> [Task requirements] Pictures stay out; everything else in the listing below is to be restated word for word.

> [Given data]
************

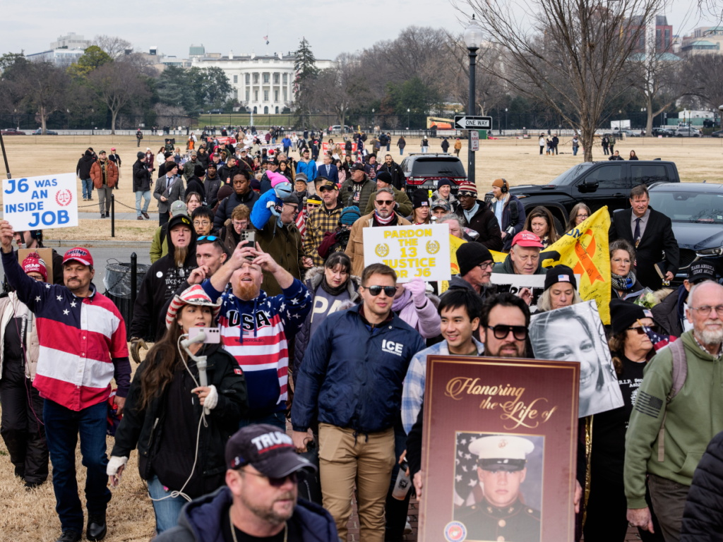 Les manifestants rassemblés devant la Maison-Blanche, là où Donald Trump avait prononcé un discours enflammé le 6 janvier 2021, se sont ensuite dirigés vers le Capitole, reprenant la route qu'avaient prise les assaillants cinq ans auparavant.
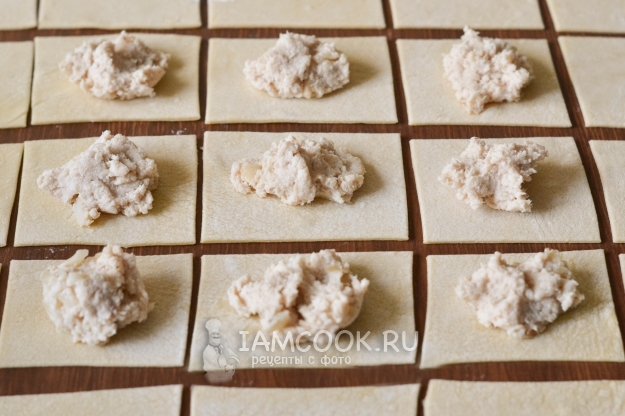 Разделите тесто на множество квадратов размером примерно 6x6 см. В серединку каждой заготовки положите чайную ложку куриной начинки.
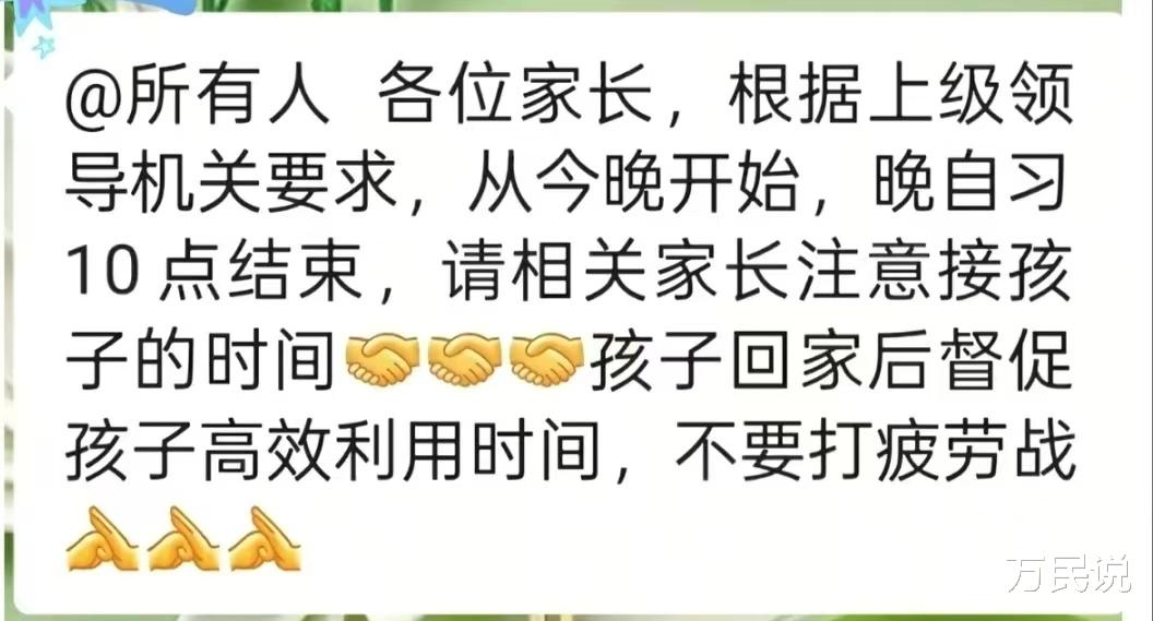 更让人惊喜的是,国庆中秋长假后的第一天,不少家长的手机都被同一则通知点亮:“所有高中从今日起晚自习22点结束”。短短一行字,在家长群里炸开了锅。
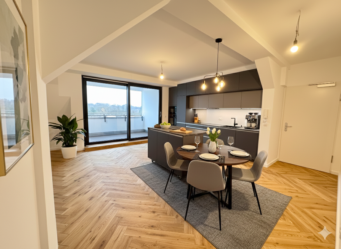 Stellen Sie sich vor, Sie kommen nach Hause, schließen die Tür hinter sich und plötzlich fühlt sich alles ein kleines bisschen leichter an. Diese exklusive Maisonettewohnung in Lüneburg ist nicht einfach nur ein Ort zum Wohnen. Sie ist ein Ort zum Ankommen, Durchatmen und Bleiben.

************

> [The completed task]
 Les manifestants rassemblés devant la Maison-Blanche, là où Donald Trump avait prononcé un discours enflammé le 6 janvier 2021, se sont ensuite dirigés vers le Capitole, reprenant la route qu'avaient prise les assaillants cinq ans auparavant.
 Разделите тесто на множество квадратов размером примерно 6x6 см. В серединку каждой заготовки положите чайную ложку куриной начинки.
 更让人惊喜的是,国庆中秋长假后的第一天,不少家长的手机都被同一则通知点亮:“所有高中从今日起晚自习22点结束”。短短一行字,在家长群里炸开了锅。
 Stellen Sie sich vor, Sie kommen nach Hause, schließen die Tür hinter sich und plötzlich fühlt sich alles ein kleines bisschen leichter an. Diese exklusive Maisonettewohnung in Lüneburg ist nicht einfach nur ein Ort zum Wohnen. Sie ist ein Ort zum Ankommen, Durchatmen und Bleiben.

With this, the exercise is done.